Required action: From the material below, copy exactly the lines beginning with the one that contains "主任,我明明才怀孕6周+2,为什么写着7周了,还有盆腔积液有影响吗?" and ending with the one that contains "4) на підставі"; the pictures stay out.
Start of Records supplied
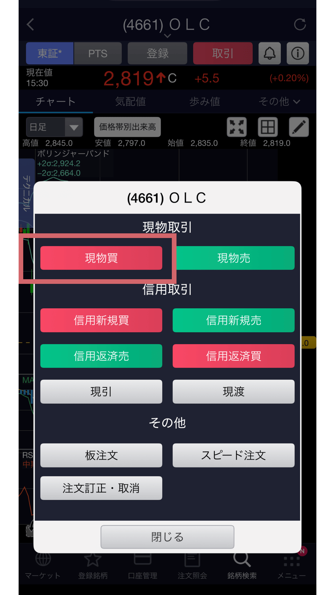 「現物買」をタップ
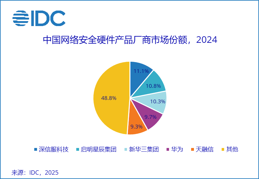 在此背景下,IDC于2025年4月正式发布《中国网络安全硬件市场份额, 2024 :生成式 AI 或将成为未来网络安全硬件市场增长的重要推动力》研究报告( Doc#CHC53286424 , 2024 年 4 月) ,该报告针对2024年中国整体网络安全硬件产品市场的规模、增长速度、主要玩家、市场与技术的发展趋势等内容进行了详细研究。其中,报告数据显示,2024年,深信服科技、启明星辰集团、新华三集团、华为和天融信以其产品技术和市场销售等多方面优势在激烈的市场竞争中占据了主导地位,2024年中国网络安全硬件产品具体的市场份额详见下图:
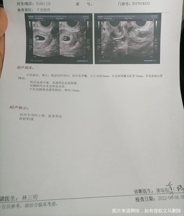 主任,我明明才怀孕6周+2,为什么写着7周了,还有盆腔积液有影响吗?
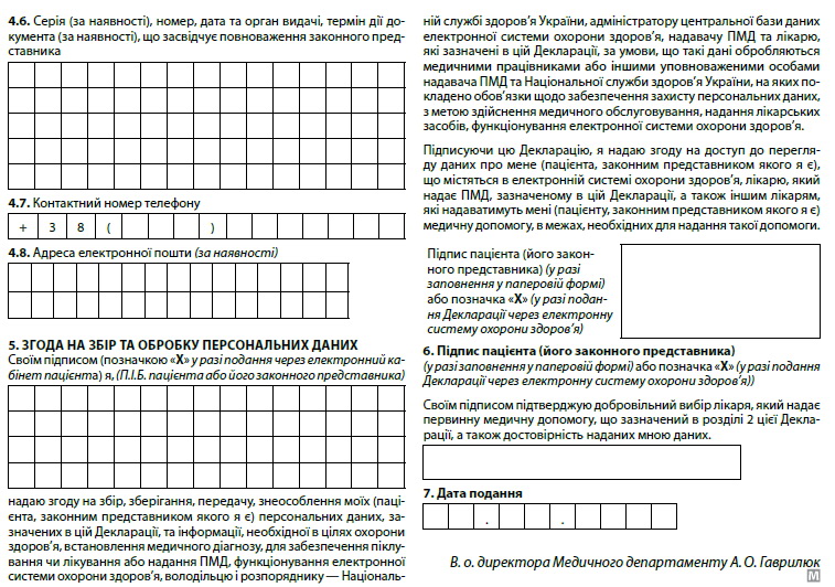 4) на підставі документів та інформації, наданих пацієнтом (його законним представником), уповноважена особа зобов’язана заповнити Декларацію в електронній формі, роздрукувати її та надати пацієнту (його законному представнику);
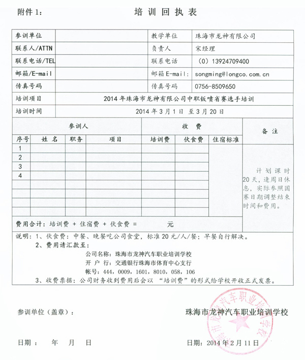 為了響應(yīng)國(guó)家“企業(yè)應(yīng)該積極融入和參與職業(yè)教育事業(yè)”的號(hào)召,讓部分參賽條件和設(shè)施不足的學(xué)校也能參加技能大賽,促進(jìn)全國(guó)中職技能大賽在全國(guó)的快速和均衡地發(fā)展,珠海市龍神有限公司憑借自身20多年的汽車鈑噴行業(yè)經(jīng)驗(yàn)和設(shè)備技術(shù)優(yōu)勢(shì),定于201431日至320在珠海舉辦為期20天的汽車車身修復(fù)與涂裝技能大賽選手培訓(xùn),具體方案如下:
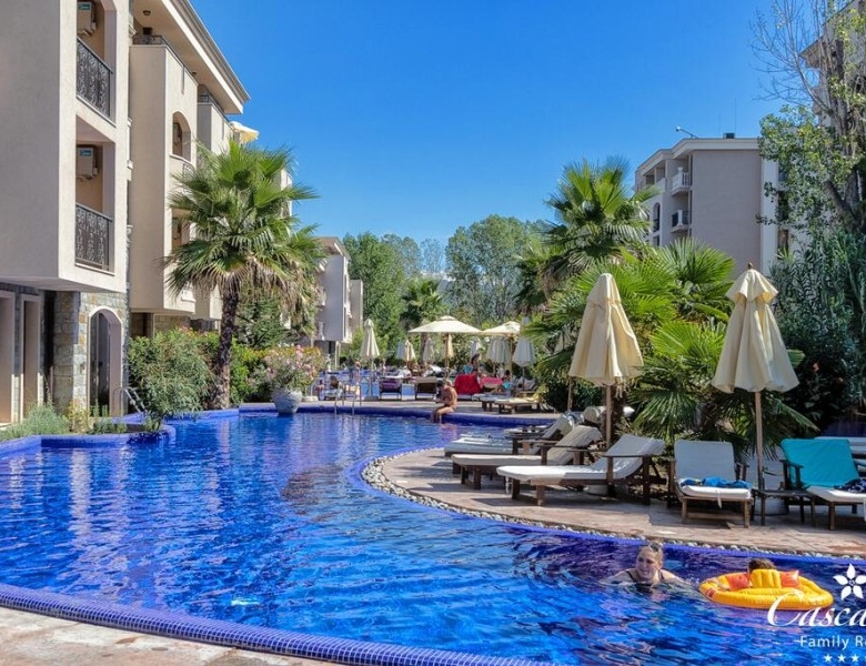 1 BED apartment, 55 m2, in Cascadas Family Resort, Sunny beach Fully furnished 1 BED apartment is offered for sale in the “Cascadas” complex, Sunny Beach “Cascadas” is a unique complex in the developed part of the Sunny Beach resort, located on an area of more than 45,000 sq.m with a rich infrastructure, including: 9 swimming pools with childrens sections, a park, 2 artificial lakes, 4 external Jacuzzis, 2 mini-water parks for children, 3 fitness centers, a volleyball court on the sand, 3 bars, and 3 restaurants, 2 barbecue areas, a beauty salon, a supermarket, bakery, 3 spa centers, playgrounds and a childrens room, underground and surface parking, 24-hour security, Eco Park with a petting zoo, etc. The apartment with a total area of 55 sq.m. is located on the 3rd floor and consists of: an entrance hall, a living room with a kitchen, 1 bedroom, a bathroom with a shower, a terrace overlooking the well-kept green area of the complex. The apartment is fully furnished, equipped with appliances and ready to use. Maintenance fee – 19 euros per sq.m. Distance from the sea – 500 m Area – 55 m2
End of Records supplied
Result of this task:
 主任,我明明才怀孕6周+2,为什么写着7周了,还有盆腔积液有影响吗?
 4) на підставі документів та інформації, наданих пацієнтом (його законним представником), уповноважена особа зобов’язана заповнити Декларацію в електронній формі, роздрукувати її та надати пацієнту (його законному представнику);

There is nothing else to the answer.